The Supreme Court has sent an important message to the entire country on the importance of language and respect in referring to persons with disabilities.   The Court recognized the impact that words can have one on someone. A major motivation for this change came in 2010, when Congress passed “Rosa’s Law,” which substituted “intellectual disability” for “mental retardation” in several federal laws.

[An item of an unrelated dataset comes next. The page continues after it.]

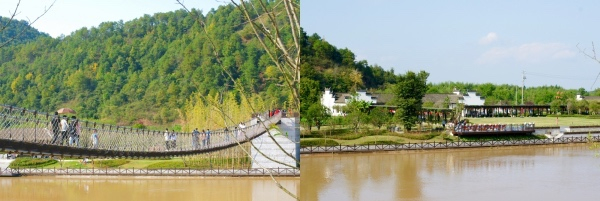 爬上离小吃店不远处的石阶,再通过吊桥,可以达到剡溪那一边,那里有水上戏台、儿童游乐区和茶馆、民舍、小酒馆等休闲之处。

In the Opinion of the Court, Justice Kennedy notes, that previous opinions of the Court have employed the term “mental retardation”, and specifically states that the opinion in Hall uses the term “intellectual disability” to describe the identical phenomenon and that the change in terminology should be used going forward. Justice Kennedy also states that the change in the term “mental retardation” to “intellectual disability” is approved and used in the latest edition of the Diagnostic and Statistical Manual of Mental Disorders, one of the basic texts used by psychiatrists and other experts; the manual is often referred to by its initials “DSM,” followed by its edition number, e.g., “DSM–5.” See American Psychiatric Association, Diagnostic and Statistical Manual of Mental Disorders 33 (5th ed. 2013). See also Rosa’s Law, 124 Stat. 2643 (changing entries in the U. S. Code from “mental retardation” to “intellectual disability”); Schalock et. al, The Renaming of Mental Retardation: Understanding the Change to the Term Intellectual Disability, 45 Intellectual & Developmental Disabilities 116 (2007).

The term “mentally retarded” is extremely pejorative and unnecessary to use when there are other words that do not have as stigmatizing an effect on persons with intellectual disabilities. Justice Kennedy writes the Eighth Amendment’s protection of dignity reflects the nation we have been, the nation we are, and the nation we aspire to be.” Similarly, to protect such dignity, word usage should be contemplated with respect to those who suffer from intellectual disabilities. This change in terminology represents a step forward for protecting those who suffer from intellectual disabilities.